How the toxic online ecosystem breeding “incels” posts a deadly threat to womankind.

Credit: Cottonbro / Pexels

Elliot Rodger, a sexually-frustrated 22-year-old, unleashed a new violent form of extremism back in 2014 when he killed 6 people in California. Following Rodger’s brutal act, a wave of misogynistic attacks began to sweep across the world.

Back in May 2014, the picturesque beachside community of Isla Vista, California, birthed a new and horrific strain of terrorism.

The perpetrator of the attack, Elliot Rodger, fatally stabbed and shot 6 people, and injured a further 14. But unlike similar attacks, Rodger’s actions weren’t fuelled by racism or religious hatred, but by misogyny. But what role did misogyny play in all of this?

Well, Rodger was a self-pitying 22-year-old virgin who viewed his actions as “retribution” against women for sexually rejecting him. But Rodger was not alone, and his actions and worldview resonated with a number of bitter and entitled young men across the globe.

These young men view themselves as losers in the sexual marketplace, and to them, Rodger was seen as a martyr.

Credit: Vice / YouTube

Also known as “incels” (which stand for “involuntarily celibate”), members of this group/movement have carried out a string of deadly attacks since Rodger’s, including a 2018 van-ramming attack in Toronto, a 2020 machete attack in a Toronto spa, a 2020 mall shooting in Arizona, and a 2021 mass shooting in Plymouth, England. 

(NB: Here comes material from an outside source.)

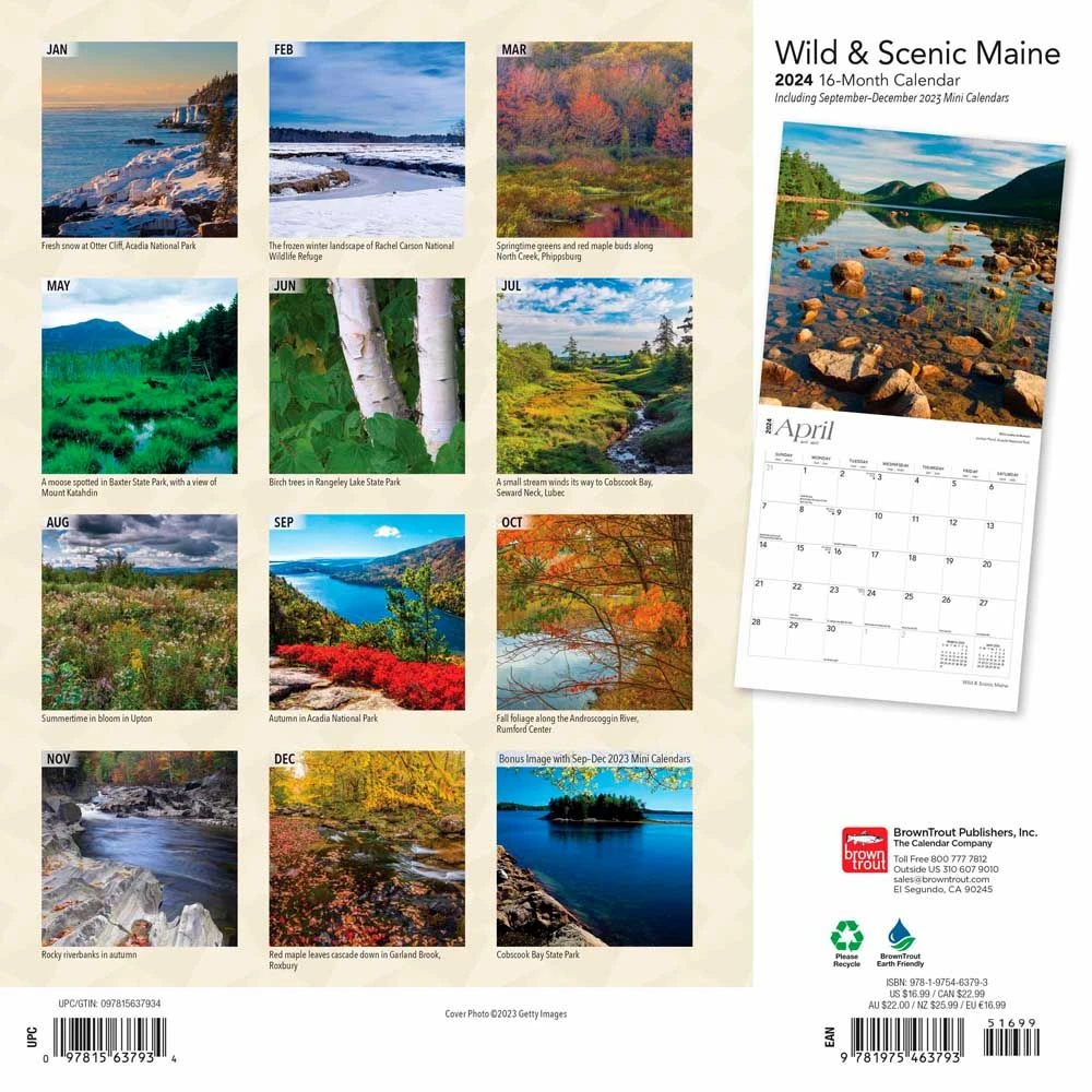 Spruce forests, rocky shores, beautiful beaches, and placid bays are all part of Maine’s stunning New England landscape. Then there are the mountains, marshes, and dazzling deciduous forests teeming with wildlife. In autumn, Maine transforms into a land of reds, yellows, and oranges; and the other seasons are just as spectacular. Celebrate wild and scenic Maine with this stunning calendar.
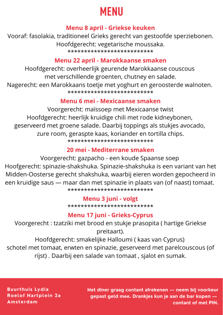 Wilt u mee-eten? Meld u dan uiterlijk maandagmiddag 12.00 uur aan via buurtmaaltijd@buurthuislydia.nl (maximaal 25 personen)

Incels are an extreme pocket of a toxic online ecosystem known as “the manosphere”. Known as an incubator for misogyny and anti-feminism, radical male entitlement and grievance, and even violent acts, the manosphere frequently overlaps with the far-right. This is predominantly due to the fact that they both share underlying beliefs around race and gender, despite incels being a racially diverse community. 

However, what centers these beliefs is that feminism has ruined modern society. The feminist movement has supposedly created a world in which women are equal agents, and this has denied men the dominance that they believe is natural. 

According to Sarah Daly, an expert on mass violence, gender, and online communities at Saint Vincent College, Pennsylvania, “they are all focused on the idea of males losing traction, or losing position and status in society.”

Jacob Ware, a counterterrorism expert and adjunct professor at Georgetown University furthers Daly’s points:

“There’s an ideological link, for sure. The view that women are backwards, that feminism is taking away our right to be strong men, to be strong white men.”

According to Ware, it’s very common to see incels using highly racialized language, as seen by Rodger (who was of mixed white and Asian descent) prior to his attack. Rodger ranted about how Black and Asian men had the ability to date white women.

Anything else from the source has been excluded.